Bilişim teknolojileri derslerinin zorunlu yapılması gerektiğine yönelik sorularıda yanıtlayan Candan; "Ben şahsen bunun zorunlu olması taraftarıyım. Niye taraftarıyım, basit bir örnek vereyim. Bakınız Güney kore'ye, bakınız Japonya'ya, bu ülkeler nasıl gelişti, nasıl 1970 lerden sonra bir ilerleme kaydetti, Güney Kore'ye biz askerimizi gönderdiğimizde aslında aynı durumdaydık, peki bizim aramızdaki fark nedir, onların teknolojiye olan yatkınlıkları ve biraz önce söylediğim gibi 2000 yılından sonra artık devir bilişim devri. Bilgi devri. Bilgise sahip olmanın yollarından biride bilişim teknolojilerini en etkin şekilde kullanmaktır. Biz bu dersleri zorunlu yapmayıp, gençlerimize öğretmeyeceğiz de o zaman nasıl diyebiliriz artık 2000 li yıllar bilişim çağıdır diye. Şahsi fikrim bütün eğitim kurumlarında bu derslerin zorunlu hale getirilmesidir. Tabi sayın bakanımızla bu konuyu da görüşeceğim, Kendisi de zaten aynı zamanda bir iletişim profesörü, bunların farkında. Ben sayın bakanımızın orada Milli Eğitim Bakanlığındaki görevinin çok doğru yerde olduğuna inanıyorum. Belki de kendisi çoktan bunu düşünmüştür ve sıcak bakacağına inanıyorum" şeklinde konuştu.

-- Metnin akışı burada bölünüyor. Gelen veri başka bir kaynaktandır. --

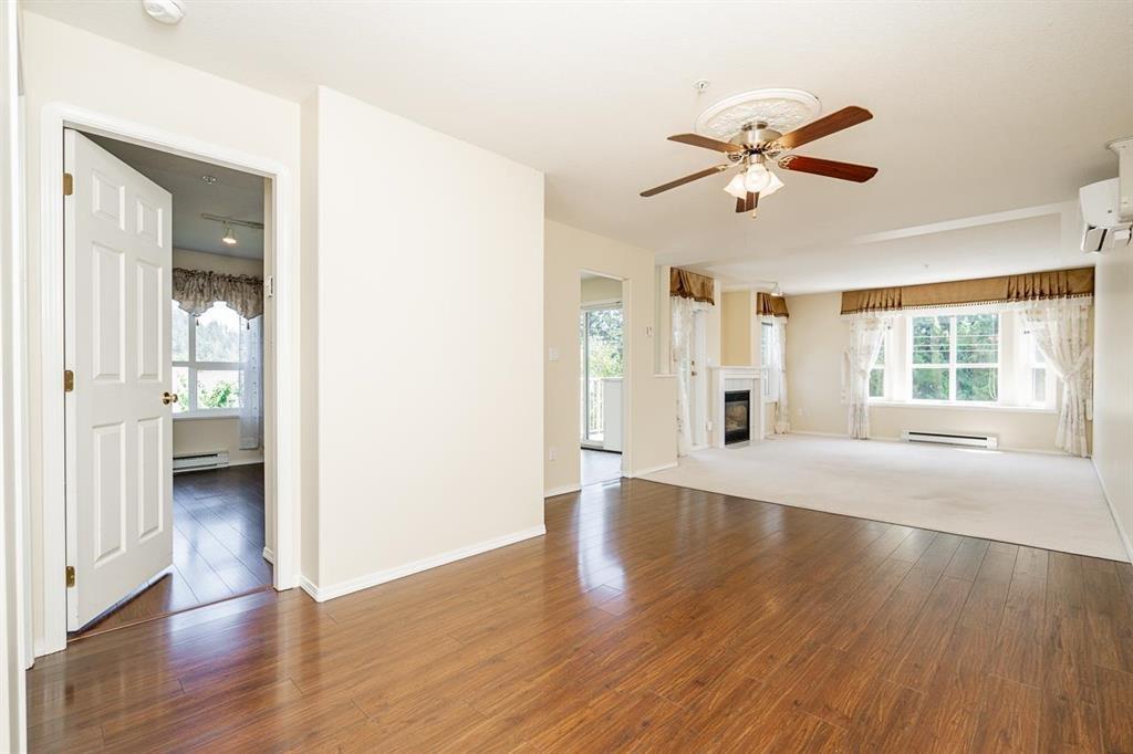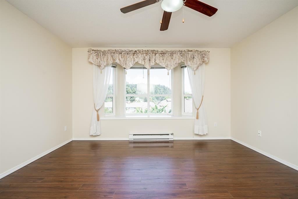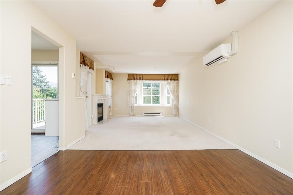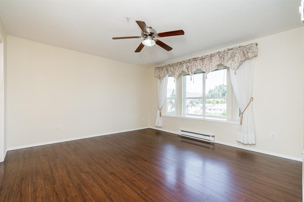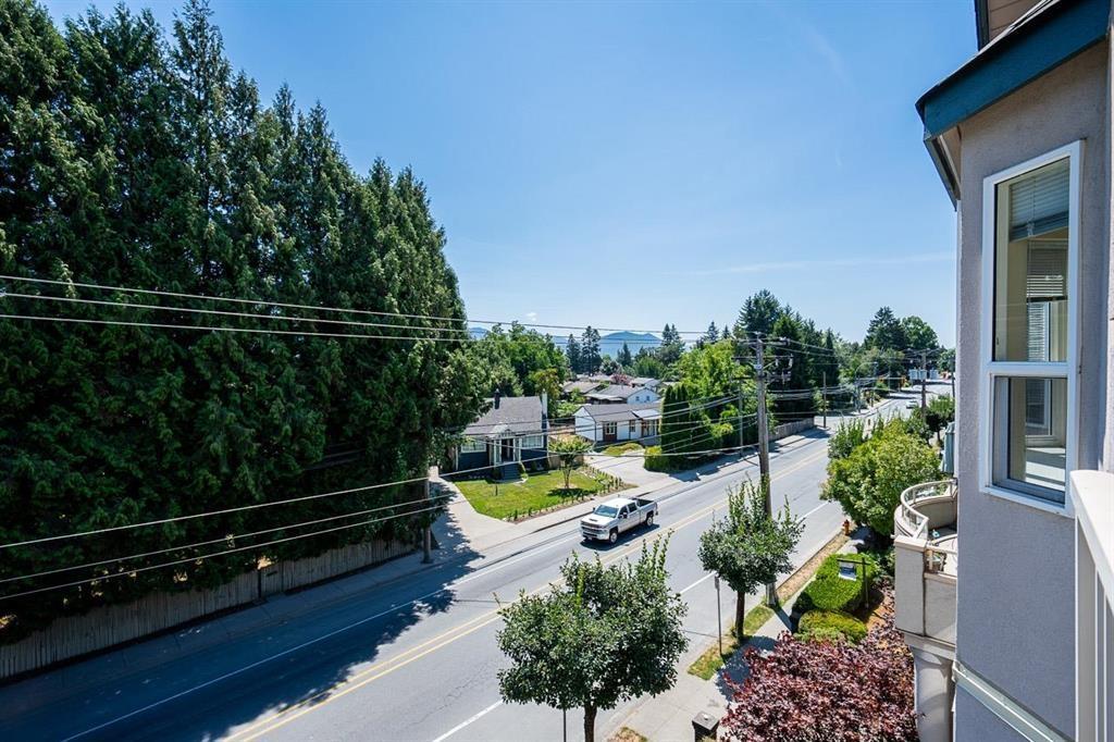 Well kept 55+ 2 bed, 2 bath top-floor unit offering a spacious layout and great views. South facing exposure offering plenty of natural light for the spacious living and dining area. Bright, updated kitchen that opens onto the patio with fantastic views of Mt Cheam. Oversized primary bedroom with full ensuite and walk in closet. Plus the benefit of a full in-suite laundry room! Well-managed building with secure underground parking (extra stalls may be available), a storage locker, and guest suite. Strata fee includes natural gas, sewer, and water. Conveniently located just 5 mins to Hwy 1 and 3 mins to groceries, shopping, and District 1881! (id:44393)

'DEVLER LİGİNDE OLMAMIZ İÇİN BU TEKNOLOJİYİ KULLANMALIYIZ'

Proğram sunucusu Ali Çağatay'ın Dünyadaki ilk 10 şirketin dağılımı ve piyasa değerleriyle ilgili sorusuna da Candan, "Görünen oki birinci ligin en tepelerinde oynayan firmalar. Yani bilişim teknolojisini en etkin uygulayan ve aynı zamanda dünyada isim yapmış çok çok güçlü şirketler, bu şirketlerin dünyanın bir çok ülkesinden daha fazla bütçelerinin olduğuna ben eminim. Eğer biz 21. Yüzyılda söz sahibi olmak istiyorsak ve biz bu arenada varız diyorsak bizim bilişim teknolojilerini en etkin şekilde kullanmaktan başka, teknik branşları güçlendirmekten ve normal eğitimle teknik eğitim arasındaki farkı yüzde70'den yüzde 30 seviyesine çekmekten başka hiçbir şansımız yok,  Yoksa 1900'lü yıllardaki bocalamalarımıza tekrar devam ederiz ki bu bu ülkeye, bu emeklere yazık olur, buna bizim buna tahammülümüz yok, bizim bir an evvel bu yol haritalarını iyi kullanmamız gerekiyor" şeklinde cevap verdi.

Süreci nasıl hızlandırırız sorusuna da Candan, 'Bunun için bu gençlerin önünü açmamız gerekiyor, Bunların 2 nedeni var, biri bizim dünya devleri liginde yer alabilmemiz için bu bileşim teknolojisini çok yakından takip etmemiz gerekiyor, aynı zamanda birde ah dediğimiz, geçmişe dayalı olarak bu mağdur olan kesimin mağduriyetinin de giderilmesi gerekiyor. Biz bir yolda yürürken, bizim partimiz olarak arkamızdakilerin ahını hiçbir zaman duymak istemeyiz. Onların mağduriyetini gidermek için kurulmuş bir partiyiz. Bu 2 konunun da farkındayız ve 2 konuda bizi kamçılayan etkenler. Bu meseleyi mecliste te birçok yerde de elimizden geldiğince anlatmaya çalışacağız, bu gençlere sahip çıkmaya çalışacağız inşallah" dedi.